Guy Kovner, THE PRESS DEMOCRAT
Santa Rosa residents are out from under local water-saving mandates imposed two years ago in the grip of a nagging drought, thanks to an abundant water supply behind Warm Springs Dam at Lake Sonoma, officials said Wednesday.
Based on assurances that the reservoir behind the taxpayer-funded, $360 million dam west of Healdsburg can sustain 600,000 Sonoma and Marin county residents for three more potentially dry years, the City Council rescinded, effective immediately, the mandatory curbs on outdoor water use adopted in August 2014.

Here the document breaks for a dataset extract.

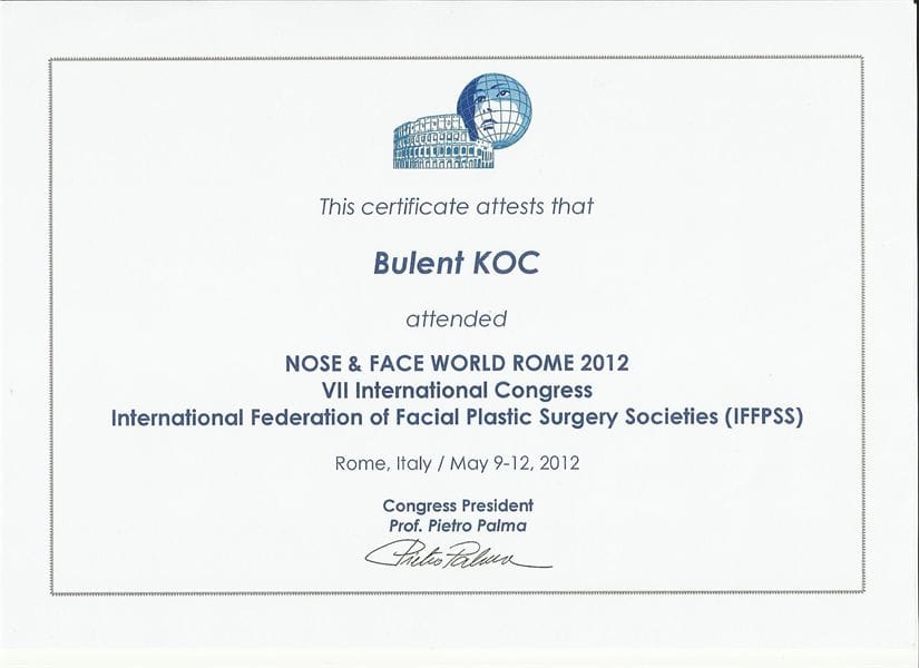 -7. Nose & Face World Rome 2012, 7. İnternational Federation of Facial Plastic Surgery Societies ( İFFPSS) Rome, İtaly/2012

The council’s action followed last month’s ruling by the State Water Resources Control Board that local agencies with a three-year water supply could be exempted from state water conservation targets. Santa Rosa and five other Sonoma County water providers met that requirement, the Sonoma County Water Agency said at the time.
On Wednesday, the water agency confirmed in a forecast to the state water board that Lake Sonoma would hold a healthy 178,398 acre feet of water at the end of September in 2019, after three rain-poor years comparable to 2013 through 2015.
Brad Sherwood, the water agency’s spokesman, said the report “illustrates our region’s ability to meet water supply demands” over a three-year drought.